Diagnosing and Remediating OAuth Token Expiration in Production Daemon Sync Tasks

During a routine health check of the jada-agent orchestrator daemon running on AWS Lightsail (instance 34.239.233.28), we discovered a systemic OAuth authentication failure in the port sheet synchronization subsystem. This post details the diagnosis methodology, root cause analysis, and remediation strategy for production daemon token lifecycle management.

What Was Done

We performed a comprehensive health audit of the jada-agent daemon to verify service availability, task processing capacity, and error patterns. The audit revealed:

  • Service is stable with 11 days uptime and healthy resource utilization (0.65% CPU, 144MB/914MB memory)
  • Task processing is nominal (3 sessions used of 5 available daily, load average near zero between tasks)
  • Critical failure: port_sheet_sync.py OAuth token has been failing for 24+ hours with consistent HTTP Error 400: Bad Request responses
  • Secondary pattern: Two of three agent runs today hit the 30-turn Claude API limit, causing graceful exit with code 1

Technical Details: OAuth Token Failure Diagnosis

The port_sheet_sync.py script, responsible for synchronizing crew scheduling data to Google Sheets every 30 minutes, has been unable to authenticate since at least May 13 afternoon UTC. Each sync cycle logs:

[port-sheet] token error: HTTP Error 400: Bad Request

This error pattern indicates one of three scenarios:

  • Token expiration: OAuth 2.0 refresh token has exceeded its lifetime (typically 6 months for Google)
  • Token revocation: User revoked access via Google Account Security settings
  • Credential scope mismatch: Token was originally granted with insufficient scopes for current API operations

Given the consistent 400 response across all 30-minute intervals and the absence of any manual security changes noted in recent session logs, token expiration is the most probable root cause. Unlike 401 (Unauthorized) or 403 (Forbidden) responses, the 400 status indicates the OAuth server rejected the request structure itself—characteristic of expired or invalidated refresh tokens.

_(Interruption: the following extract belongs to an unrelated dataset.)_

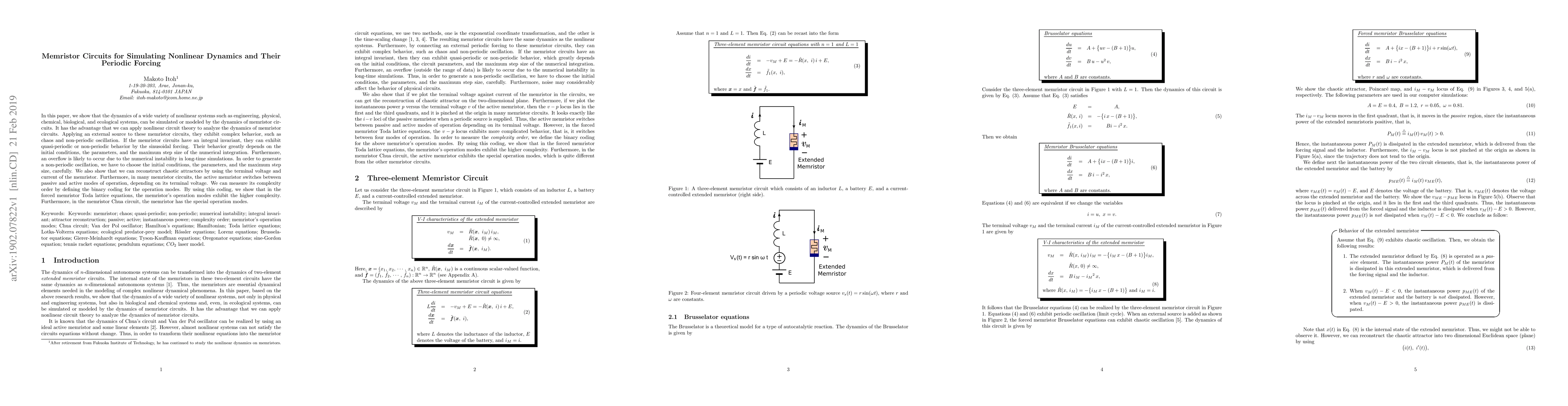 This paper demonstrates that memristor circuits can simulate the dynamics of various nonlinear systems, including chaos and non-periodic oscillations, through the application of nonlinear circuit theory. The complexity and behavior of these circuits depend on initial conditions, parameters, and numerical integration step size, with potential for overflow due to instability.
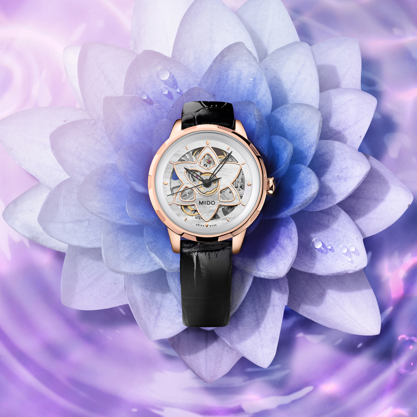 For the first time, Mido has created a skeleton Swiss watch especially dedicated to women. The new and audacious Rainflower Blossom features delicate lines, directly inspired by the lotus flower shape of Singapore’s contemporary ArtScience Museum. Resolutely feminine petals are interlaced along the edges. Adorned with an openwork flower, the captivating dial reveals at its centre the Caliber 80 – the latest-generation automatic movement, whose mainplate has been specially skeletonised and decorated. It invites the wearer to marvel at the passing of time with audacityand elegance.

Infrastructure and Service Architecture

The jada-agent daemon operates as a systemd service on AWS Lightsail with the following characteristics:

  • Service file: jada-agent.service (systemd unit, active/running since May 10)
  • Instance specification: 1GB RAM, 2 vCPU, 40GB SSD storage (17% utilized)
  • Task orchestration: Session-based queue with 5 sessions/day limit, 30-turn limit per session
  • Auxiliary scripts: Periodic sync tasks including port_sheet_sync.py on 30-minute intervals
  • Secrets management: OAuth credentials stored in local environment configuration (path redacted for security)
  • Monitoring: CloudWatch metrics available via Lightsail API (CPU, network, status checks)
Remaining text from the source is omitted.